> EXERCISE AIM
Reproduce only this range: the line holding "C38498711 18k seawater" through the last line of the data below, both included, exactly, with no pictures.

> SUPPLIED DATA
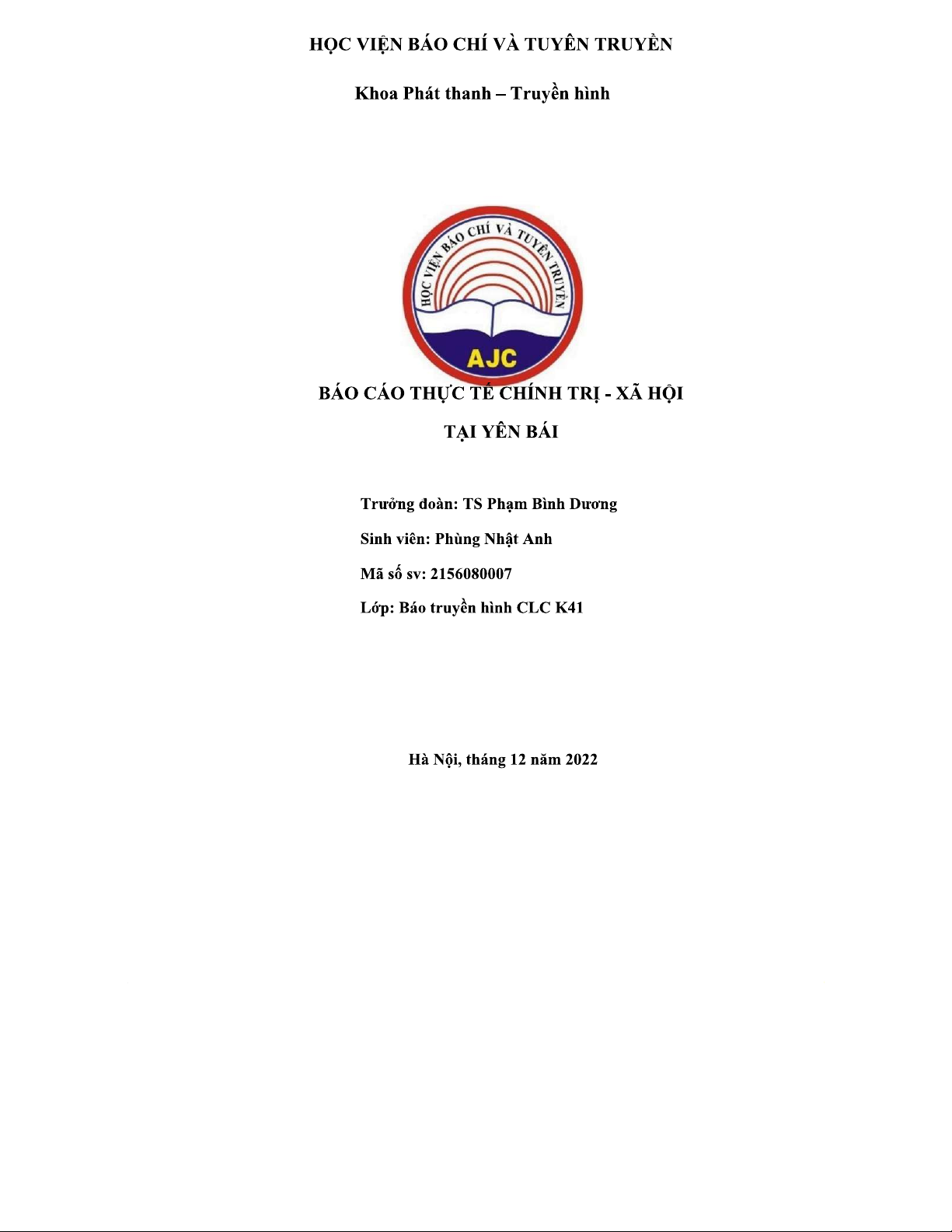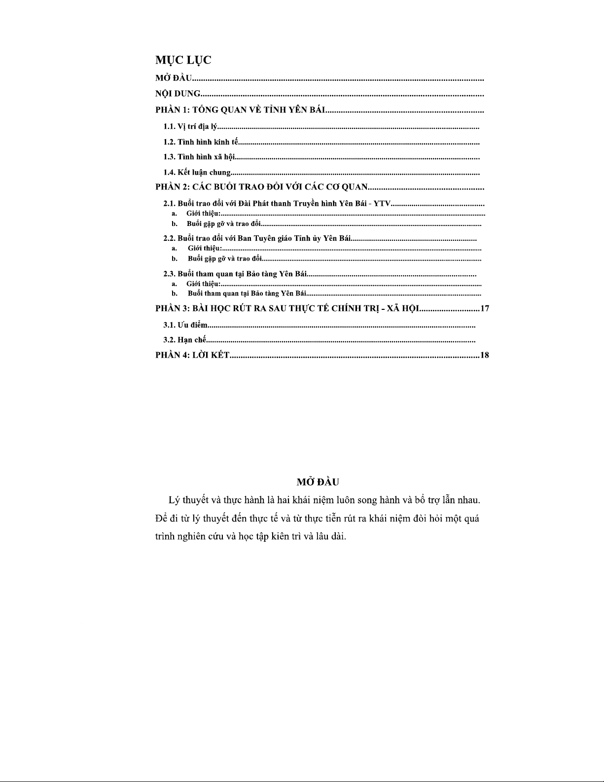 BÁO CÁO THỰC TẾ CHÍNH TRỊ - XÃ HỘI TẠI YÊN BÁI
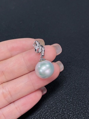 C38498711 18k seawater pearl pendant, color origin undetermined, total weight approximately 1.72g, size around 10mm
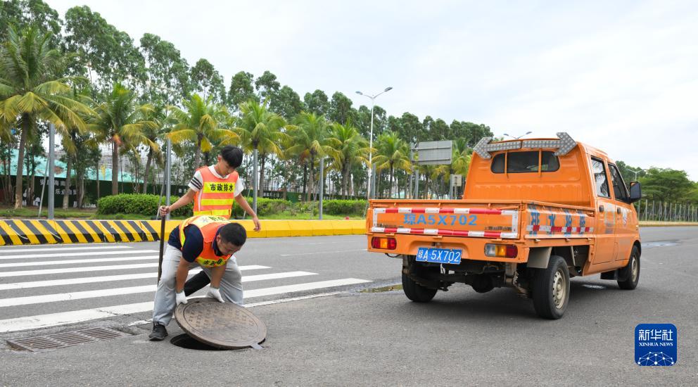 7月17日,在??谑袨I海大道,工作人員在檢查排水設(shè)施。
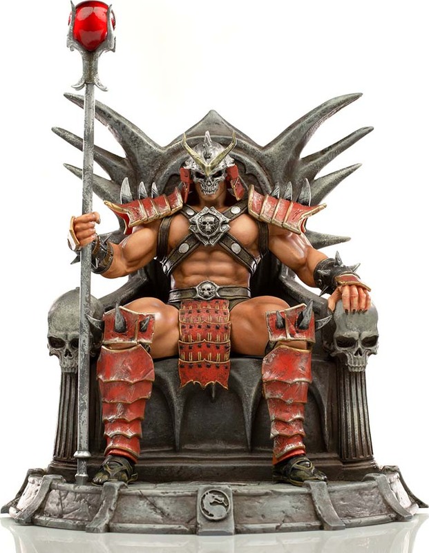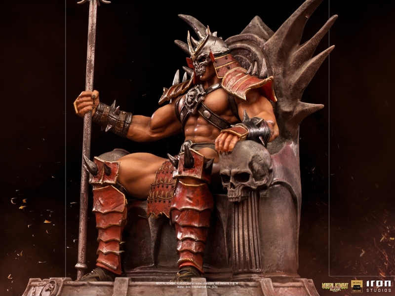 Na tróne vytesanom do skaly vo svojom prastarom paláci v zdevastovanom kráľovstve Outworld – starobylom mimodimenzionálnom svete ovládanom chaosom – panuje absolútnou mocou impozantný Emperor Shao Kahn. Jednou zo svojich mocných pästi zviera svoju palicu, druhou sa opiera o lakťovník trónu zdobený lebkami, pričom jeho tvár skrýva charakteristická helma v tvare lebky. Táto dlho očakávaná figúrka mocného dobyváka svetov pochádza zo série sôch Mortal Kombat od Iron Studios a je inšpirovaná hrou Mortal Kombat II.

> RESULT OF THE EXERCISE
 C38498711 18k seawater pearl pendant, color origin undetermined, total weight approximately 1.72g, size around 10mm
 7月17日,在??谑袨I海大道,工作人員在檢查排水設(shè)施。
 Na tróne vytesanom do skaly vo svojom prastarom paláci v zdevastovanom kráľovstve Outworld – starobylom mimodimenzionálnom svete ovládanom chaosom – panuje absolútnou mocou impozantný Emperor Shao Kahn. Jednou zo svojich mocných pästi zviera svoju palicu, druhou sa opiera o lakťovník trónu zdobený lebkami, pričom jeho tvár skrýva charakteristická helma v tvare lebky. Táto dlho očakávaná figúrka mocného dobyváka svetov pochádza zo série sôch Mortal Kombat od Iron Studios a je inšpirovaná hrou Mortal Kombat II.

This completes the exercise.